● Problem details:
Your task is to repeat the entries word for word while leaving out the pictures.

(Data entries)
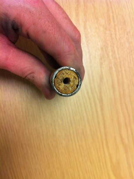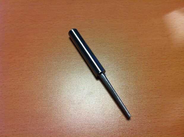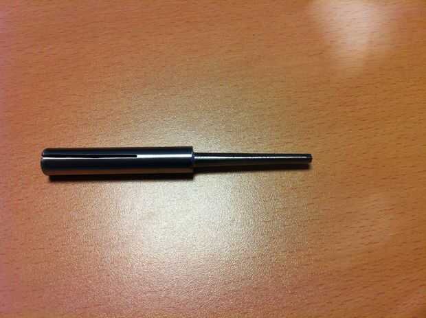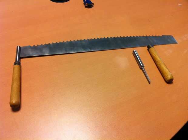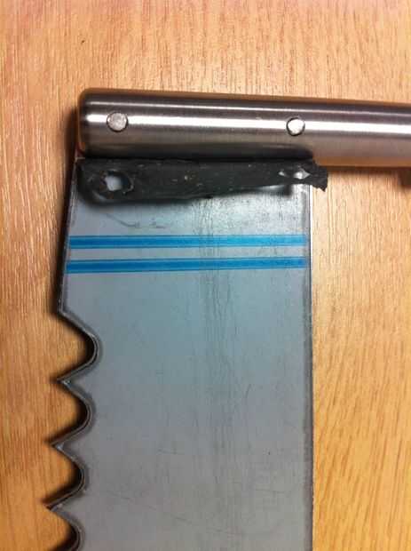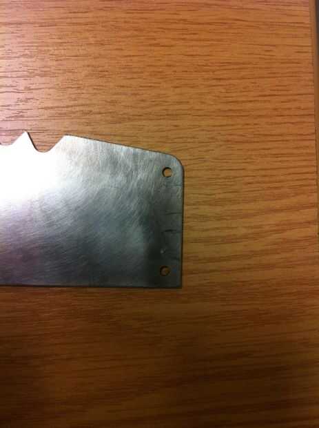 Después de dar vuelta, la espiga se enfrentaron con una lima gruesa. Los agujeros fueron perforados muy cuidadosamente a alinee con los agujeros en la hoja. La ranura fue aserrada a mano otra vez con cuidado para que sea recto para adaptarse a la hoja. Arena archivos de papel y la aguja se usaron para obtener la ranura lo suficientemente amplia como para adaptarse a la hoja. Se tuvo cuidado al probar el ajuste sólo deslizar sobre los extremos que se cubriría una vez instalado de todos modos para evitar cualquier arañazos visibles.
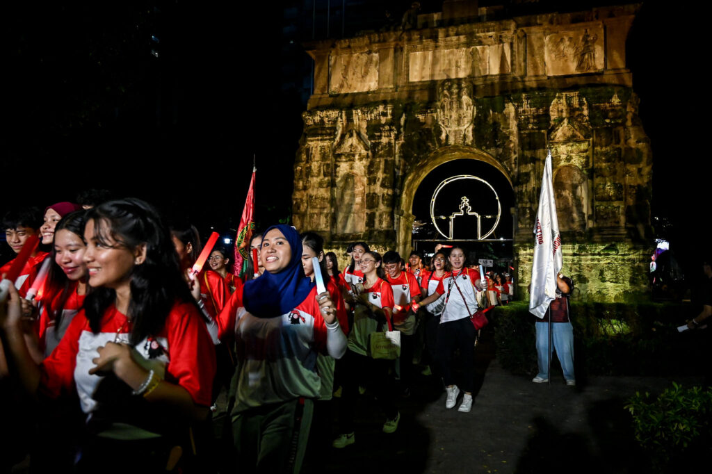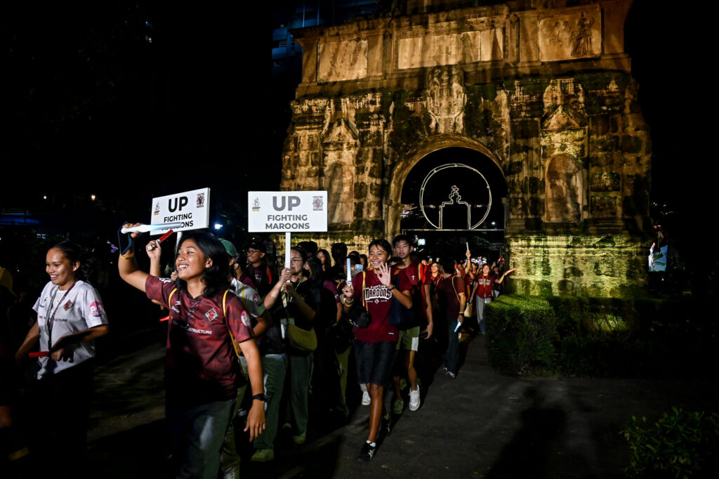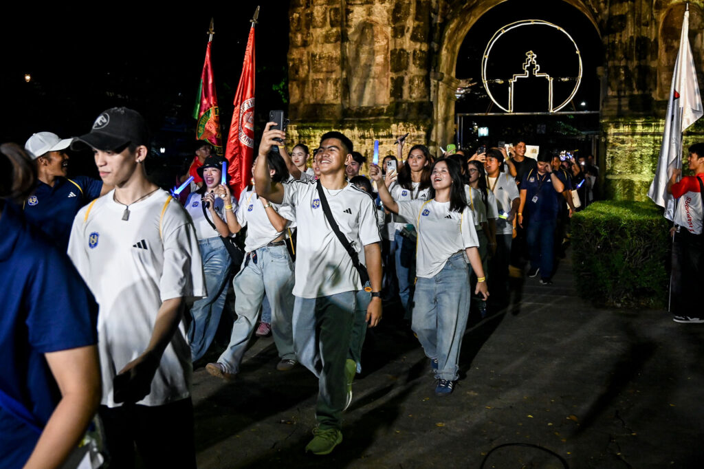 Delegations from all member schools, except the host UST, marched through the Arch of the Centuries in an Olympic-style introduction — banners raised high and school cheers echoing across the four corners of España.
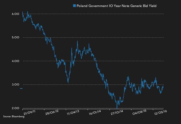 Rentowności 10-letnich obligacji skarbowych Polski, denominowanych w złotym, w ostatnich 5 latach. Im niższe rentowności, tym wyższe wyceny obligacji. Źródło: Bloomberg.
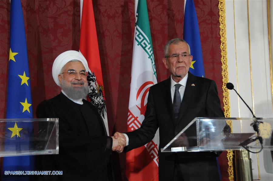 El presidente de Austria, Alexander Van der Bellen (d) estrecha la mano de su homólogo de Irán, Hassan Rouhani (i) durante una conferencia de prensa en Viena, Austria, el 4 de julio de 2018. El presidente de Irán, Hassan Rouhani, quien se encuentra de visita en Viena, dijo el miércoles que nadie saldrá beneficiado con la retirada de Estados Unidos del acuerdo nuclear. (Xinhua/Liu Xang)
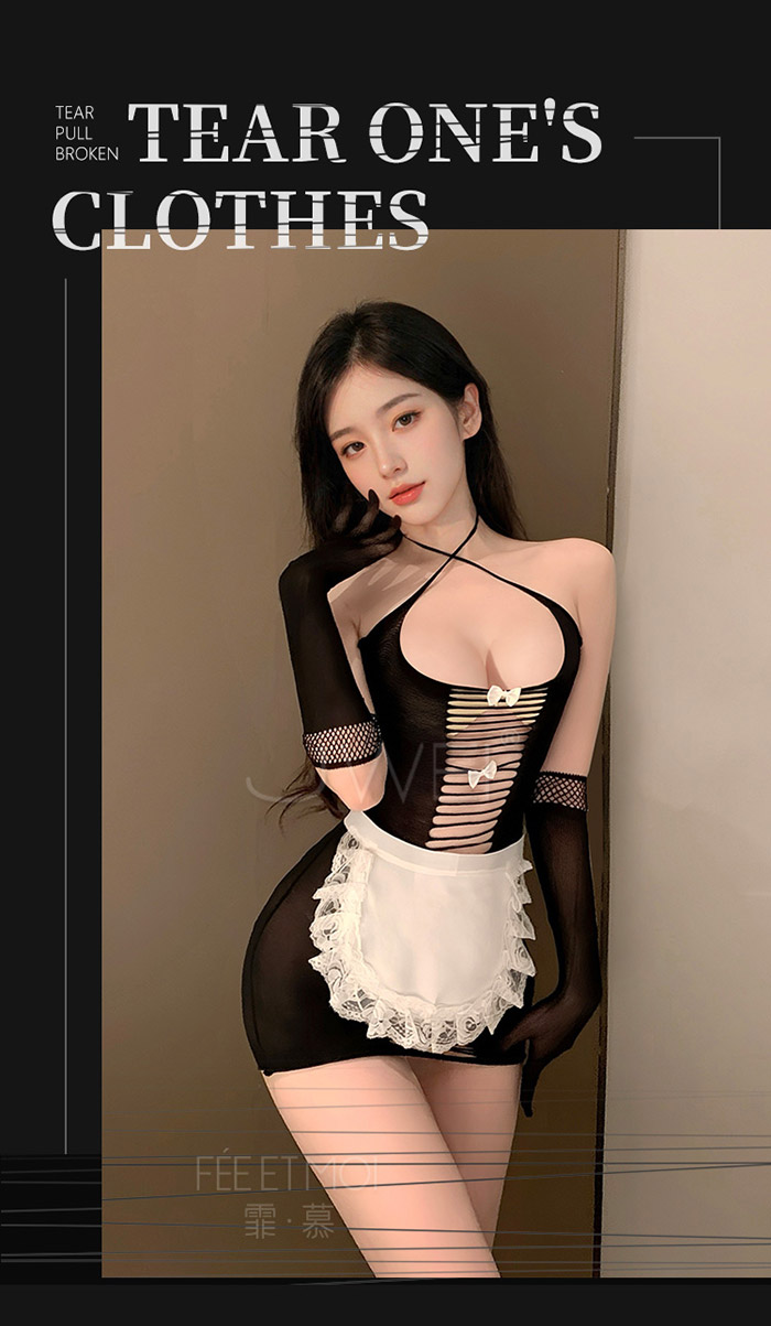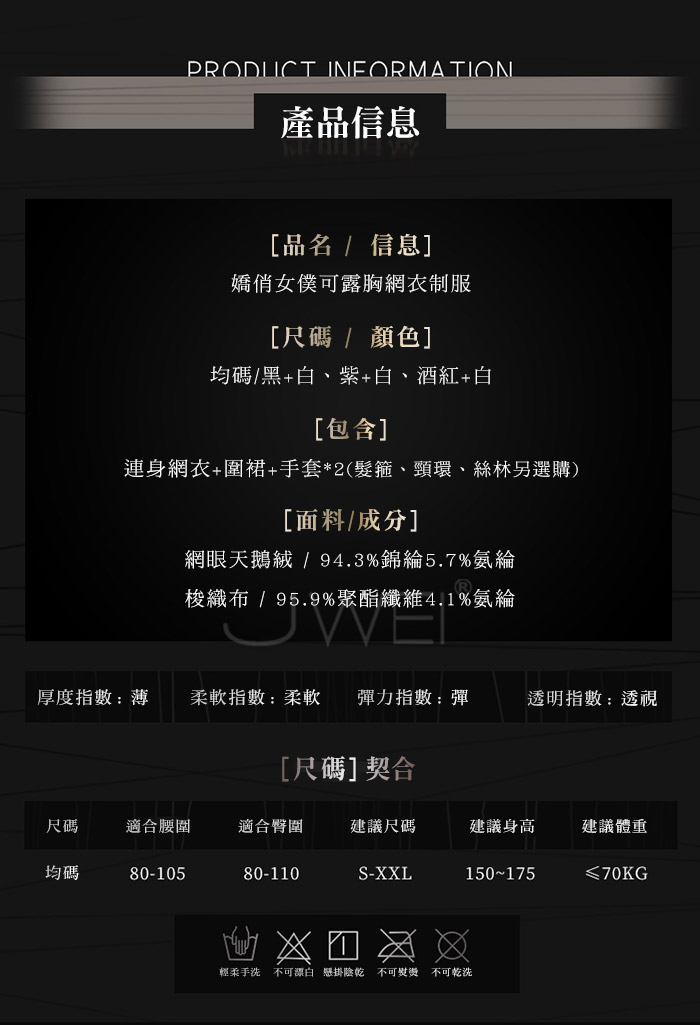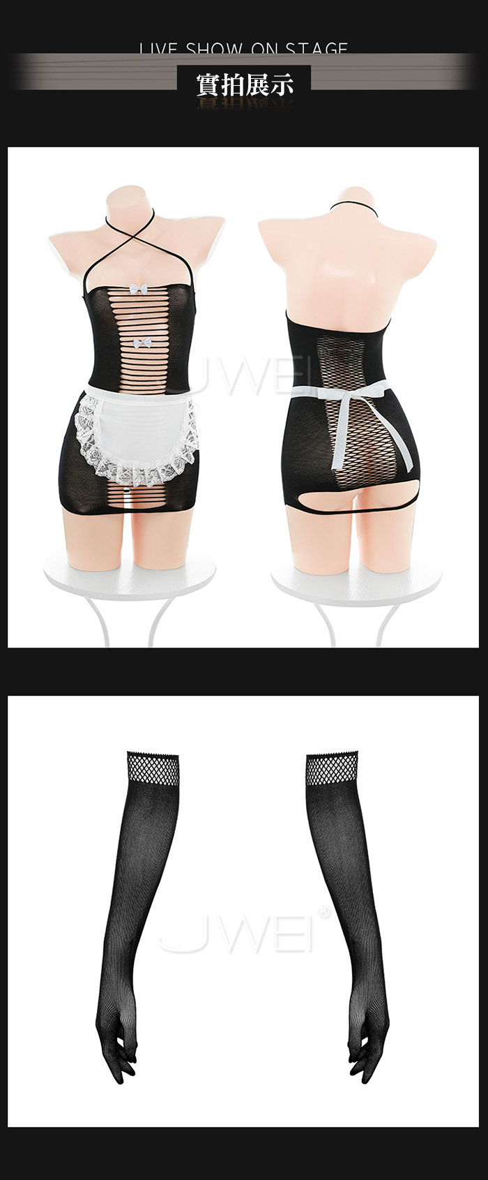 ►您現在的位置:首頁>嬌俏女僕.火辣條紋露胸可撕網衣女樸套裝-紫【連身網衣+圍裙+手套*2】
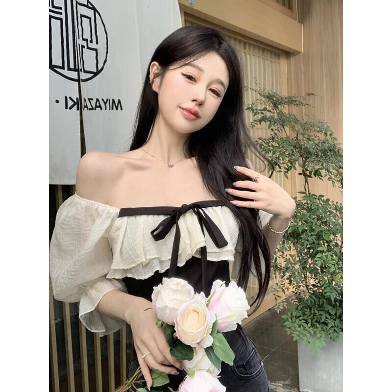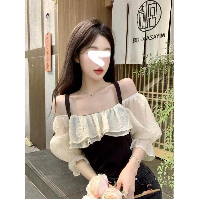 クロップド ブラウス フリル シック スイート フレンチ スタイル 半袖 美的 ホルター 暑い夏レジャー パッチワーク シャツ ラッフル 大人ガーリー スウィート キュート カジュアル サマー 夏物

● Response:
 Después de dar vuelta, la espiga se enfrentaron con una lima gruesa. Los agujeros fueron perforados muy cuidadosamente a alinee con los agujeros en la hoja. La ranura fue aserrada a mano otra vez con cuidado para que sea recto para adaptarse a la hoja. Arena archivos de papel y la aguja se usaron para obtener la ranura lo suficientemente amplia como para adaptarse a la hoja. Se tuvo cuidado al probar el ajuste sólo deslizar sobre los extremos que se cubriría una vez instalado de todos modos para evitar cualquier arañazos visibles.
 Delegations from all member schools, except the host UST, marched through the Arch of the Centuries in an Olympic-style introduction — banners raised high and school cheers echoing across the four corners of España.
 Rentowności 10-letnich obligacji skarbowych Polski, denominowanych w złotym, w ostatnich 5 latach. Im niższe rentowności, tym wyższe wyceny obligacji. Źródło: Bloomberg.
 El presidente de Austria, Alexander Van der Bellen (d) estrecha la mano de su homólogo de Irán, Hassan Rouhani (i) durante una conferencia de prensa en Viena, Austria, el 4 de julio de 2018. El presidente de Irán, Hassan Rouhani, quien se encuentra de visita en Viena, dijo el miércoles que nadie saldrá beneficiado con la retirada de Estados Unidos del acuerdo nuclear. (Xinhua/Liu Xang)
 ►您現在的位置:首頁>嬌俏女僕.火辣條紋露胸可撕網衣女樸套裝-紫【連身網衣+圍裙+手套*2】
 クロップド ブラウス フリル シック スイート フレンチ スタイル 半袖 美的 ホルター 暑い夏レジャー パッチワーク シャツ ラッフル 大人ガーリー スウィート キュート カジュアル サマー 夏物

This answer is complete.